▸ **Exercise description**
Extract the opening line of the entries and every line after it, stopping at and including the line that contains "- [Stability and". Do not include pictures.
**** Source records ****
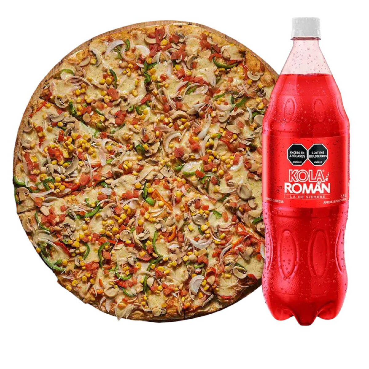 Pizza con queso mozarela - salami-pollo-pimentón verde - pimentón rojo - cebolla blanca - champiñón y maíz con posibilidad de dividirse de 8 - 12 - 16 porciones + kola roman 1.5 adicional
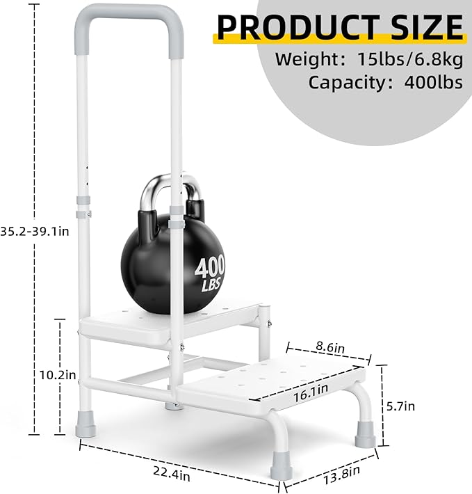 - [Stability and Safety]: HOMIQUEEN step stool with handle features a wider, thicker platform (8.6''W), with 6 robust carbon steel support tubes under the platform, which ensure the step stool is more sturdy and stable. Included are 4 anti-tip fixing buckle and reusable tie wraps, fixed the step stool to the bedside, strategically placed to prevent tipping over
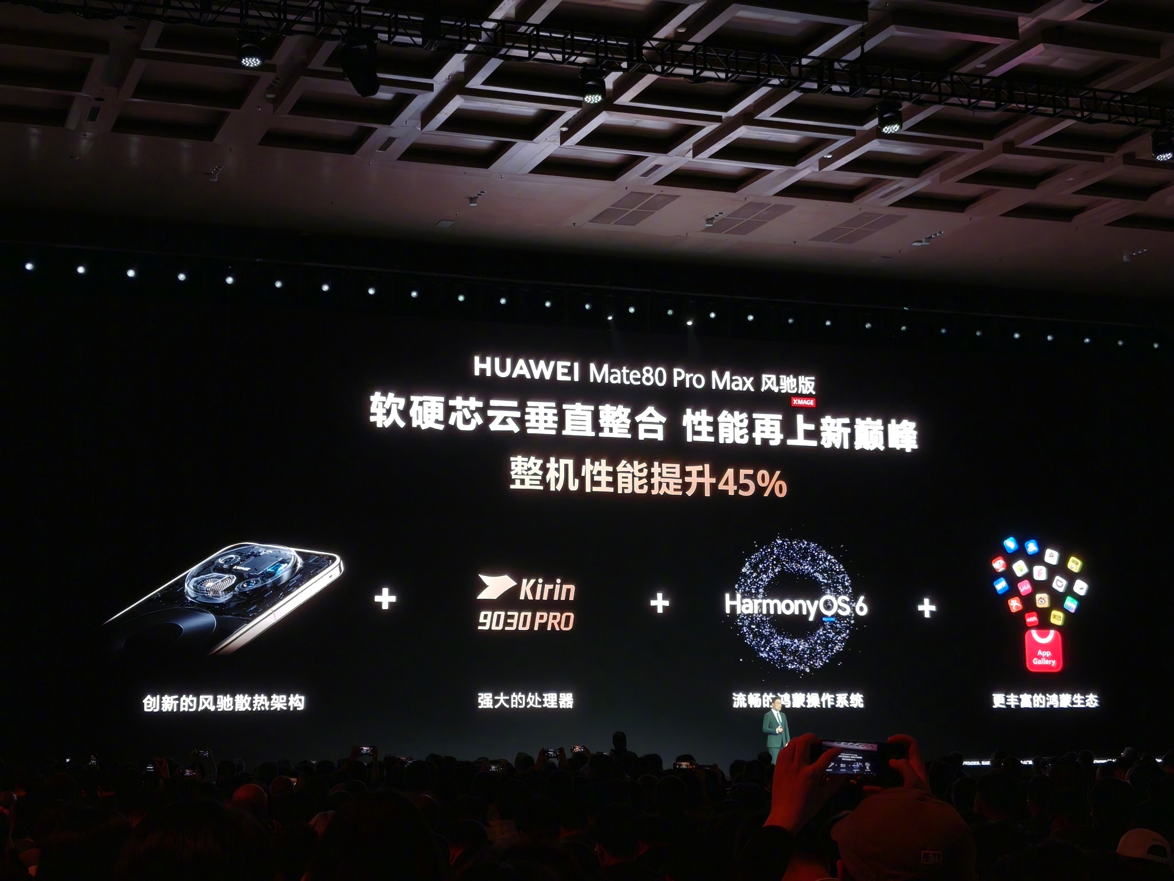 华为春季全场景新品发布会真的全程干货,首先是华为Mate 80 Pro Max风驰版的正式发布。首发搭载华为风驰散热架构,带来极致的温控能力与性能释放稳定性,配合麒麟9030 Pro芯片与更丰富的鸿蒙生态,整体性能大幅提升45%,是游戏好搭子更是直播神器,旗舰体验拉满,售价8499元起。随后发布的华为畅享 90系列,更可以说是千元机王炸产品,全系搭载麒麟8系芯片、鸿蒙6超丝滑方舟引擎、鸿蒙智慧通信等旗舰同款功能。这次还有华为史上最大8500mAh巨鲸大电池,起售价更惊喜:1299元起!
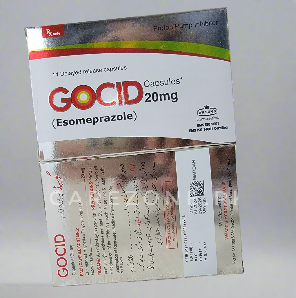 Buy GOCID 20mg (Esomeprazole) Capsules at the best price only at CareZone.pk. We offer the lowest wholesale rates with bulk purchasing options and doorstep delivery.
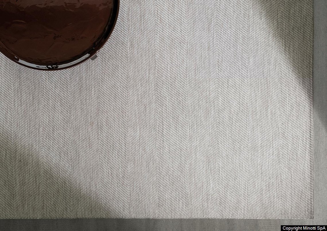 Made with the same materials and techniques as the Osaka rug, with which it shares the same characteristics, the Chevron variant features a dynamic continuous decorative motif, composed of tweed that underlines the couture esprit of the craftsmanship.
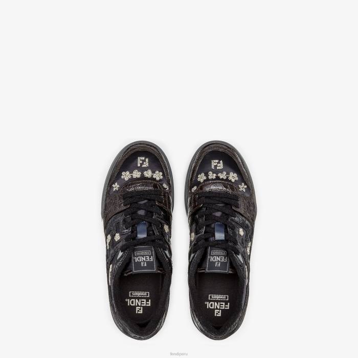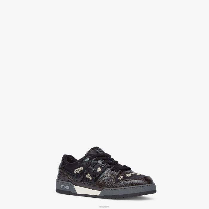 zapatillas fendi match con cordones. Confeccionado en caimán marrón oscuro con detalles en nailon negro. adornado con bordado de cuentas. suela de goma con inscripción fendi en el lateral.
****
▸ **Reply**
 Pizza con queso mozarela - salami-pollo-pimentón verde - pimentón rojo - cebolla blanca - champiñón y maíz con posibilidad de dividirse de 8 - 12 - 16 porciones + kola roman 1.5 adicional
 - [Stability and Safety]: HOMIQUEEN step stool with handle features a wider, thicker platform (8.6''W), with 6 robust carbon steel support tubes under the platform, which ensure the step stool is more sturdy and stable. Included are 4 anti-tip fixing buckle and reusable tie wraps, fixed the step stool to the bedside, strategically placed to prevent tipping over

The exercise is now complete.